ABC-6 WPVI's "Action News" (Philadelphia) covers Ocean County, NJ news stories.
ABC-7 WABC's "Eyewitness News" (New York) does not cover Ocean County, NJ news stories.

At the present time DBS subscribers in Ocean County, NJ can ONLY get WABC. (Cable gets both.)

I think that's of much more significance to most customers than being able to watch your favorite show.


----------



## Link (Feb 2, 2004)

Guesst925XTU said:


> How about this reason:
> 
> ABC-6 WPVI's "Action News" (Philadelphia) covers Ocean County, NJ news stories.
> ABC-7 WABC's "Eyewitness News" (New York) does not cover Ocean County, NJ news stories.
> ...


Yes, news coverage is another good reason. Sometimes stations also pre-empt networks shows for other things or as in the past some affilites have not carried network shows. Some ABC stations refuse to show Jimmy Kimmel's late night show while others delay Nightline.


----------



## HappyGoLucky (Jan 11, 2004)

Growing up I lived in an area of southern Virginia where getting two (sometimes 3) of each network via OTA was common. We had a big rooftop antenna with a rotor, but reception on all the channels was excellent. We would receive the Roanoke, VA DMA as well as the Greensboro/High Point/Winston Salem NC DMA. We could also receive some channels from Raleigh/Durham NC and Charlotte NC. Being at a high elevation (lived near the top of the Blue Ridge Mountains) I guess made that possible.

Now I miss having a choice.


----------



## mhking (Oct 28, 2002)

That was one of the things about growing up in NW Indiana -- the Chicago stations didn't cover Indiana news, and we were left with trying to pull in the South Bend stations to get local news.

In those days, only the local news from South Bend was available to us on cable.
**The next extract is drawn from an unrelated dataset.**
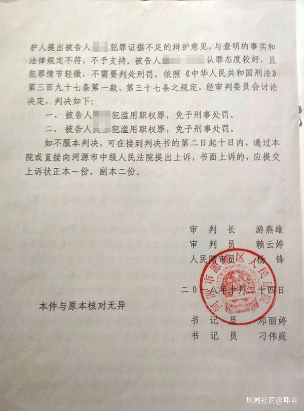 2018年10月,源城區法院對當事兩協警作出一審判決,認為賴某、吳某在代表執法機關查處違法車輛時,超越職權,造成一人死亡、一人一級傷殘的嚴重後果,其行為已構成濫用職權罪。因賴某、吳某認罪態度較好,情節輕微,不需要判處刑罰,遂判賴某、吳某犯濫用職權罪,免於刑事處罰。

These days, my folks can pull in South Bend stations on their cable.

I'm glad that I've been able to land the NY/LA distant locals, though I would love to have the superstations on top of that (alas, D* feels otherwise -- while they add lots of foreign language programs).


----------



## HappyGoLucky (Jan 11, 2004)

I would LOVE to be able to have west coast feeds of the broadcast networks, but unfortunately the rules say I can't have them because I have access to the Atlanta feeds.


----------



## Phil T (Mar 25, 2002)

Last night I saw a live feed of the fire on the local news. I switched to CNN and FOX News because I figured they would have live coverage. No dice. It would sure be nice if someone would carry a news channel that would show breaking local news from around the country.


----------



## jpurkey (May 15, 2003)

I'd just like to have the west coast Fox feed so when football coverage runs long I don't miss shows like Malcolm in the Middle.


----------



## Guesst925XTU (Jan 29, 2004)

Phil T said:


> Last night I saw a live feed of the fire on the local news. I switched to CNN and FOX News because I figured they would have live coverage. No dice. It would sure be nice if someone would carry a news channel that would show breaking local news from around the country.
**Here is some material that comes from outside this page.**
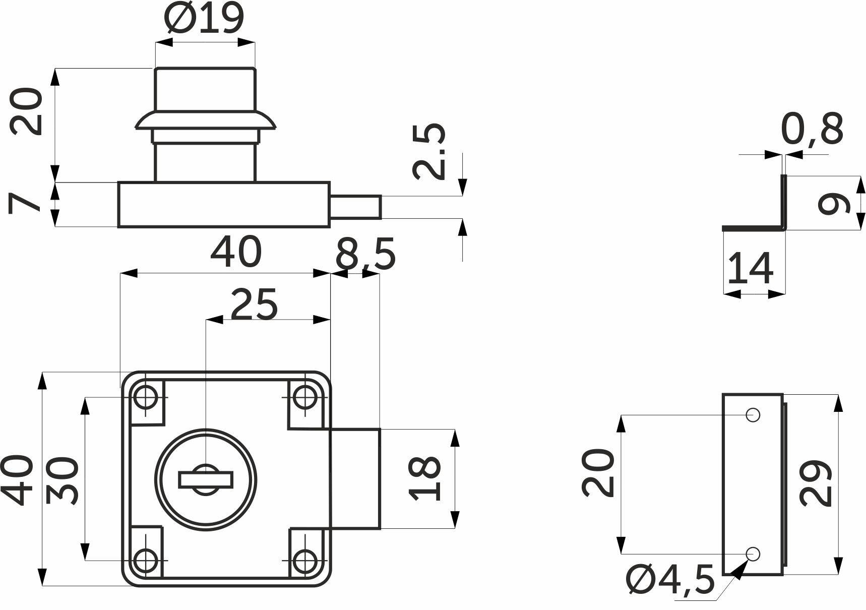 Данная модель является наиболее популярной среди мебельных замков. Замок предназначен для деревянных, ЛДСП, МДФ - фасадов толщиной 16-18 мм. Для монтажа данного типа замков необходимо высверлить отверстие для личинки цилиндра, сам же корпус замка крепится саморезами с обратной стороны фасада. С лицевой стороны фасада к замку монтируется декоративная накладка.

I watched it on WGN after I saw it on my local news.


----------



## Nick (Apr 23, 2002)

I get the big three...

ABC from Atlanta & Jacksonville*
CBS from Atlanta, Jacksonville* & Savannah*
NBC from Atlanta, Jacksonville* & Savannah*

*cable


----------



## SimpleSimon (Jan 15, 2004)

I'm grandfathered.

ABC: Only C. Spgs. because KRDO took away the rest of my feeds. KRDO SUCKS.
CBS: NY, Denver, C. Spgs., LA
NBC: NY, Denver, C. Spgs., LA
FOX: NY, Denver, C. Spgs., LA
WB: Denver=C.Spgs. & Superstations
UPN: Superstations (E* doesn't carry Colo. Spgs. affiliate)
PBS: Who cares


----------



## Guest (Dec 8, 2004)

Link said:


> Tonight is a prime example of where having 2 of the same network affiliate comes in handy. There is a fire in Chicago right now with WLS, WBBM, and WMAQ covering the fire. However, I can tune to my distant CBS station in New York to see the program I want. After watching the fire coverage for 40 minutes I had had enough.
> 
> That is why everyone needs to be able to get 2 sets of networks of other significantly viewed stations.


That is where HD signals come in handy. I just switched over to 7-2 to watch Monday Night Football.


----------



## djlong (Jul 8, 2002)

I first learned the value of 2 affiliates in the 70s. Everytime Massachusetts would have a gubenatorial debate, if I was watching ABC (WCVB Boston), I could tune to Manchester NH's WMUR. 

Ever since then I've wanted "Plan B" but couldn't always have one.


----------



## Big Bob (May 13, 2002)

Even better for choice is to live near the Canadian border. When world new happens, watching the news out of Canada can give a much broader perspective of events. I wish E* could offer some of the Canadian broadcasts. I miss Mr. Dressup


----------



## BearsFan (Apr 22, 2002)

Granted, I was not directly effected by the high-rise fire downtown Chicago, but the local Chicago news coverage was definitely OVERKILL. It's being discussed in the papers, and I agree with the detractors who're crying "too much coverage." 

I know some folks could be worried about loved ones in a serious situation, but come on now. At one point, CBS, NBC, ABC, Fox, *and* WGN (local) were all covering the fire. Saying the same thing. "See that light? That's a firefighter with a flashlight looking around on the 29th floor." Gee, thanks.

At one point, local fire officials asked someone from CBS 2 to move out of the way, and the reporter just stood there and didn't move. 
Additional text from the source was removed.